Over the years, I have noticed a number of traits in my fellow drivers that border on the criminal. I'm sure I could list a litany of sins regularly performed by many drivers, which at the very least cause us to tear our collective hair out and at the very worst, can result in chaos and death on our roads.
1. People who can't merge...
Amongst these bad habits, is those who refuse to learn (or are totally incapable of grasping...) the art of merging with other traffic. It should not take an astrophysicist to decipher that merge ramps are there for one purpose and one purpose only. They are generally of a length sufficient to allow any vehicle to attain the speed required to merge successfully with the flow of traffic on that particular roadway.
For those of you who may not be familiar with merging, that is the aim point of the merging process. You must be travelling the same speed as the traffic you wish to join, by the time you hit the end of the merge ramp. That's why they call it merging. Crawling onto a highway or a freeway where the traffic is zipping by at 100kmh plus, when you're doing 40kmh at best, is NOT merging. That is called: "tempting the hand of God". It is called: "Brace yourself because we're about to get a Mack truck suppository!" It is called: "Look Ma... I'm fixin' to die in a horrific fireball of doom!" Drivers who find themselves doing this, regardless of sex or age, should immediately park their car, mail in their driver's license to their local motor vehicles branch, with a note explaining that they are too fucking retarded to drive a motor vehicle, and buy a lifetime bus pass.

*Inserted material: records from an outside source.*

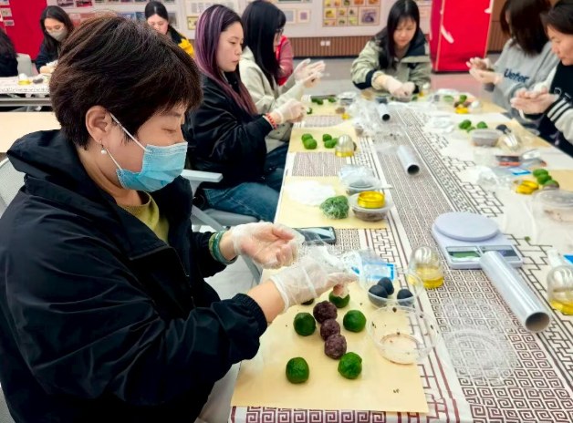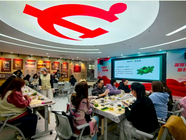 分享结束后,进入青团创意制作环节,工作人员现场讲解青团的制作工艺和清明食俗的文化内涵,居民们分工协作、动手实践,揉面、包馅、塑形。
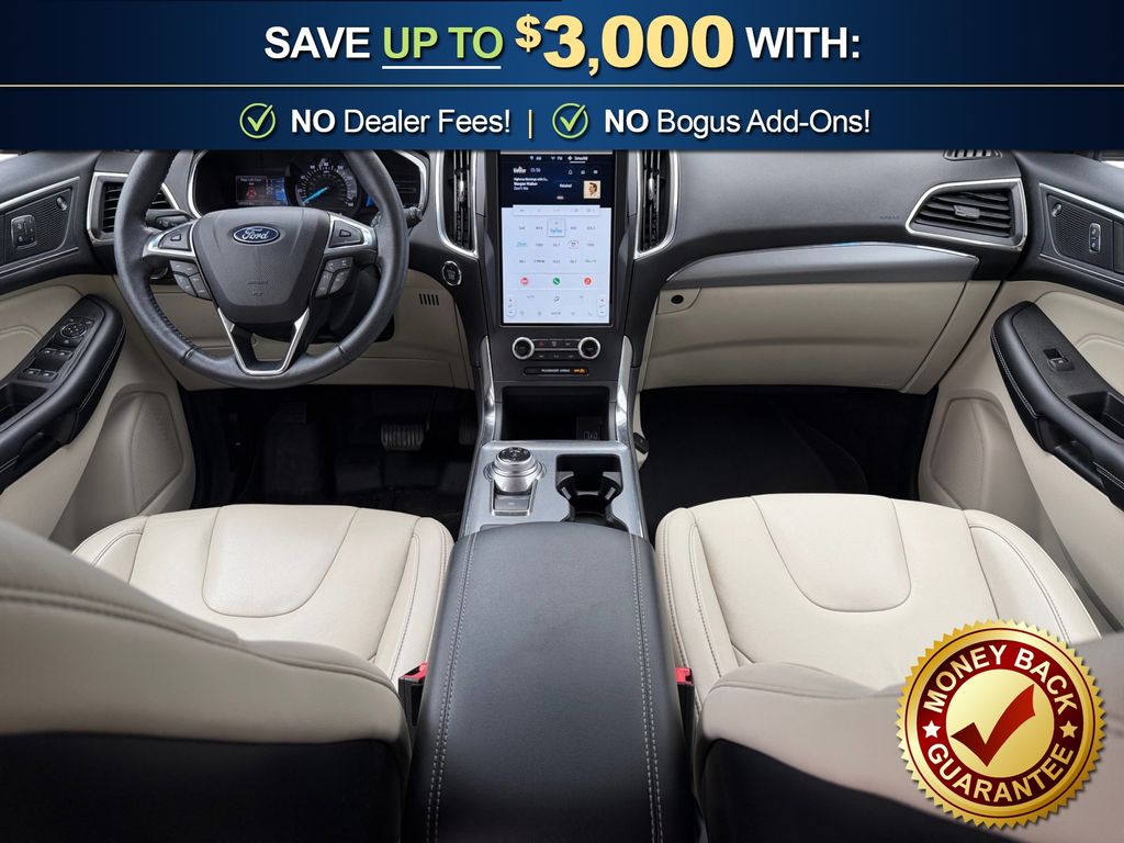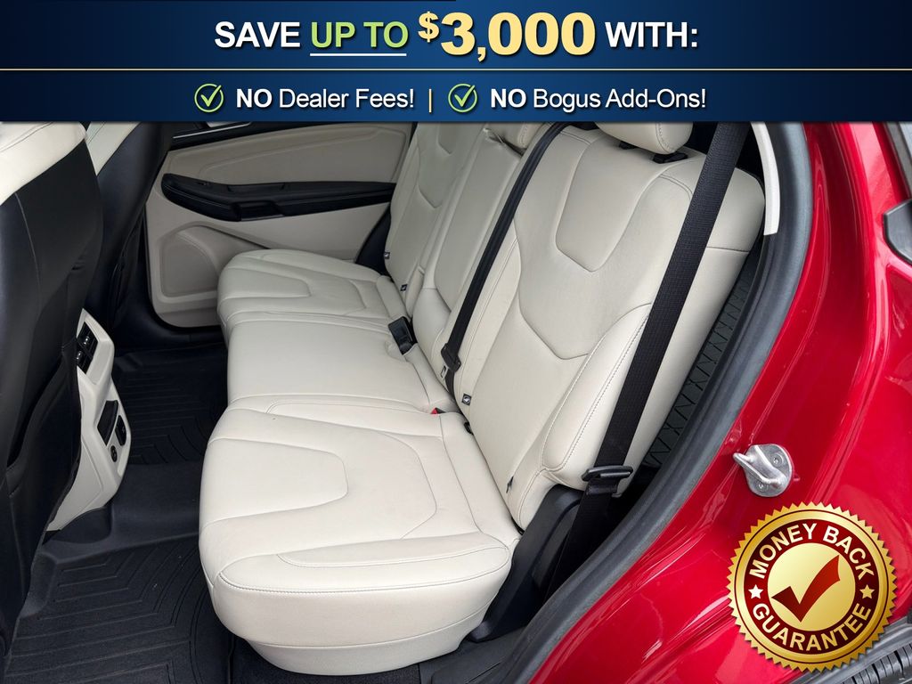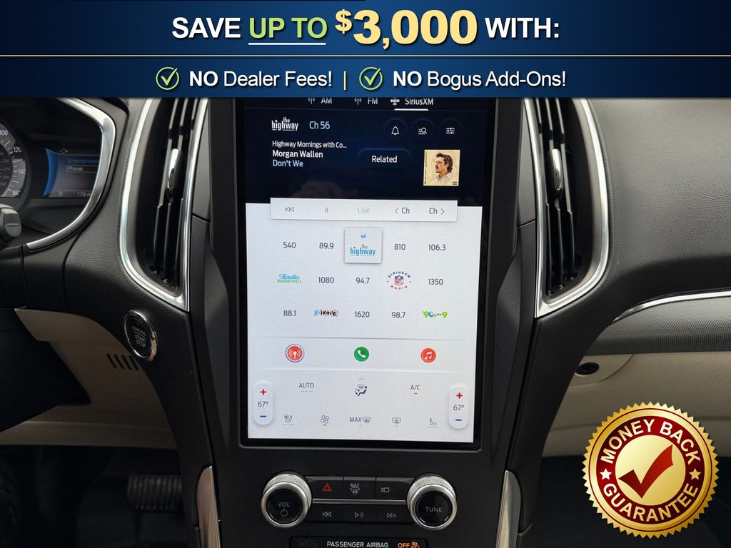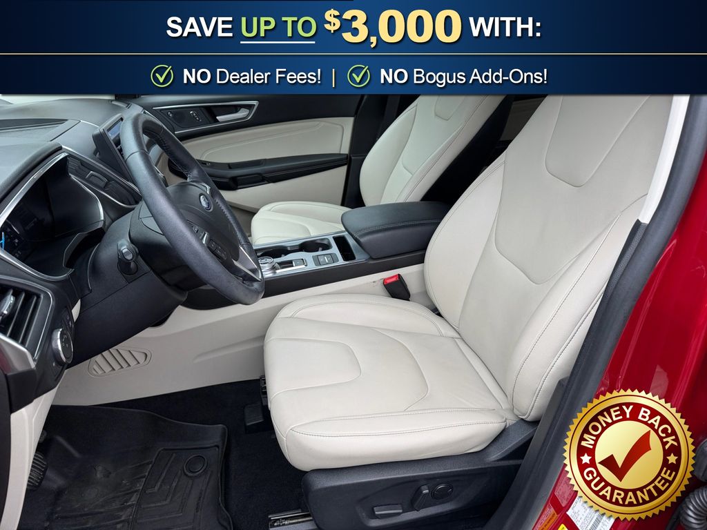 12 Speakers, 3.80 Axle Ratio, 4-Wheel Disc Brakes, ABS brakes, Air Conditioning, Alloy wheels, AM/FM radio: SiriusXM with 360L, Auto High-beam Headlights, Auto-dimming Rear-View mirror, Automatic temperature control, Brake assist, Bumpers: body-color, Compass, Delay-off headlights, Driver door bin, Driver vanity mirror, Dual front impact airbags, Dual front side impact airbags, Electronic Stability Control, Emergency communication system: SYNC 4 911 Assist, Equipment Group 300A, FordPass Connect, Four wheel independent suspension, Front anti-roll bar, Front Bucket Seats, Front Center Armrest w/Storage, Front dual zone A/C, Front fog lights, Front reading lights, Fully automatic headlights, Garage door transmitter, Heated door mirrors, Heated front seats, Heated steering wheel, Illuminated entry, Knee airbag, Leather-Trimmed Heated Sport Bucket Seats, Low tire pressure warning, Memory seat, Occupant sensing airbag, Outside temperature display, Overhead airbag, Overhead console, Panic alarm, Passenger door bin, Passenger vanity mirror, Power door mirrors, Power driver seat, Power Liftgate, Power passenger seat, Power steering, Power windows, Radio: B&O Sound System by Bang & Olufsen, Rain sensing wipers, Rear anti-roll bar, Rear reading lights, Rear seat center armrest, Rear window defroster, Rear window wiper, Remote keyless entry, Security system, Silver Roof-Rack Side Rails, SiriusXM w/360L, Speed control, Speed-Sensitive Wipers, Split folding rear seat, Spoiler, Steering wheel mounted audio controls, SYNC 4A w/Enhanced Voice Recognition, Tachometer, Telescoping steering wheel, Tilt steering wheel, Traction control, Trip computer, Turn signal indicator mirrors, Variably intermittent wipers, Wheels: 19" Luster Nickel-Painted Aluminum, Wheels: 20" Bright-Machined Aluminum. 2021 Ford Edge Titanium
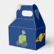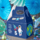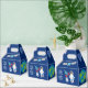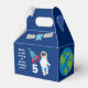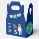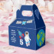 Un cool de l'espace extra-atmosphérique astronaute soirée à thème faveur boîte en bleu pour un enfant anniversaire. Comprend un astronaute enfant génial à côté d'un vaisseau-fusée dans la galaxie. Les côtés sont décorés de planètes, de vaisseaux spatiaux et de la planète Terre. Customisez avec votre message de remerciement pour un paquet de faveur pour la fête à thème galaxie.

When I am on any highway or freeway, whether I am riding my bike or driving a car or other vehicle, you will NEVER find me in the right-hand lane. The only time my shadow will darken that lane, is if I am just about to take an off-ramp. There are several reasons for this. People who don't have a fucking clue about merging is number one on the list. If you are in a right-hand lane, you will have to contend with these morons at every on-ramp. Not me... I stay as far the fuck away from them as is humanly possible. Normally in the extreme left-hand lane...
2. What is a passing lane and what is it for...?
Most multi-laned (3) highways are divided into three distinctly different camps. The right-hand lane I refer to as the 'curb-hugger' lane. This is for those who want to bimble along at a speed which is under the speed limit. These drivers are normally apologetic for even being in a car and realize that they are far outmatched by just about anyone else on the road. They are the speed bumps on the road. They are obstacles who are best bypassed and are ideal fodder to deal with the 'merging-challenged road hazards' that occasionally stumble blindly into their paths, causing them to either nail the brakes or careen wildly in an effort to avoid them.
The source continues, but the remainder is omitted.